The Conscious Parent by Shefali Tsabary

The Conscious Parent by Shefali Tsabary

Author:Shefali Tsabary
Language: eng
Format: epub
Publisher: Joosr Ltd


Conscious parenting is not permissive parenting: we play a vital role in shaping our children’s behavior

When your child makes a mistake, they need to know that they are still loved and that they are not inherently “bad.” Parenting through fear or shame shuts off your child’s connection to you and does not let them learn from the experience.

Consider this: You come downstairs one day and find the kitchen strewn with breakfast cereal and spilt milk. Your child is sitting at the table with a huge beam on their face. Like so many others in your situation, your response is to immediately launch into a tirade of anger.
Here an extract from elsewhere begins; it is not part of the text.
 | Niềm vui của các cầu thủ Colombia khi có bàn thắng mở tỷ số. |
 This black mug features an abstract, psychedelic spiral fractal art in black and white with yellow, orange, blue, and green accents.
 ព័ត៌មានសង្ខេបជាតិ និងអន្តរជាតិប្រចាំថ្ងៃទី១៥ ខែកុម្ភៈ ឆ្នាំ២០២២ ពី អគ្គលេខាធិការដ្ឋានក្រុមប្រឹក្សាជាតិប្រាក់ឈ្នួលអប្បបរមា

But what you fail to realize is that your child tried to help you out by fixing their own breakfast that morning and had felt proud of themselves for doing so.
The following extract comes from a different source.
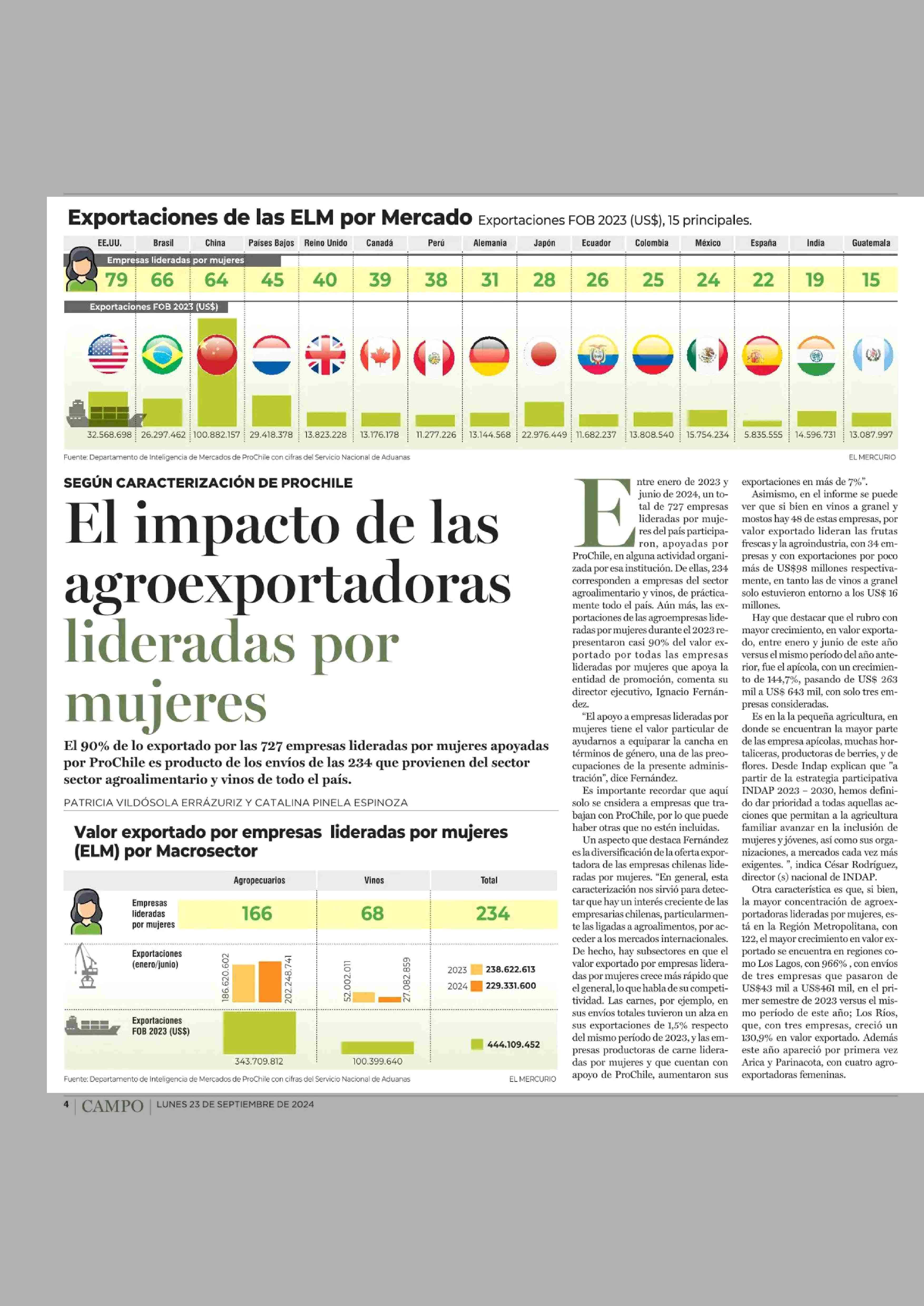 El impacto de las agroexportadoras lideradas por Mujeres 23-09-2024 El Mercurio |

If we pause and reflect, we are more likely to see our child’s good intentions and so react with more consideration. Again, the pause is crucial: it allows us to remember that our reactions are usually a reflection on us, rather than our child. Honoring our child’s true nature means being mindful of the fact that they will do things differently to how we might want them to, and this does not mean that their way is any less worthwhile.

Sometimes, though, a child who acts out is calling for you to offer boundaries and containment. Most children who repeatedly exasperate their parents to the point of anger are actually asking for more sufficient boundaries. A child who continually pulls her brother’s hair needs to be treated firmly and consistently, with swift action the first time it happens—not from a place of judgment, but with a matter-of-fact “We don’t hurt others, you’ll have to sit next to me for the next five minutes.” You could then simply sit quietly with them, and afterwards ask them how they can make amends with their sibling.

Responding consistently each time reinforces the boundary, giving the child a sense of anchoring, both physically and emotionally. Later you can look at the reason behind the behavior and work on that (perhaps, for example, they feel that the brother gets more attention than them). Your calm response will have the added advantage of making your child more receptive to a conversation about balancing their own will with the needs of others, preparing them for harmonious relationships throughout their lives.

Conscious parenting requires that we remove the emotion from shaping our child’s behavior, instead looking at the reason they act a certain way. If needs be, we can then act swiftly and firmly to stop the behavior, and prevent it from happening in the future.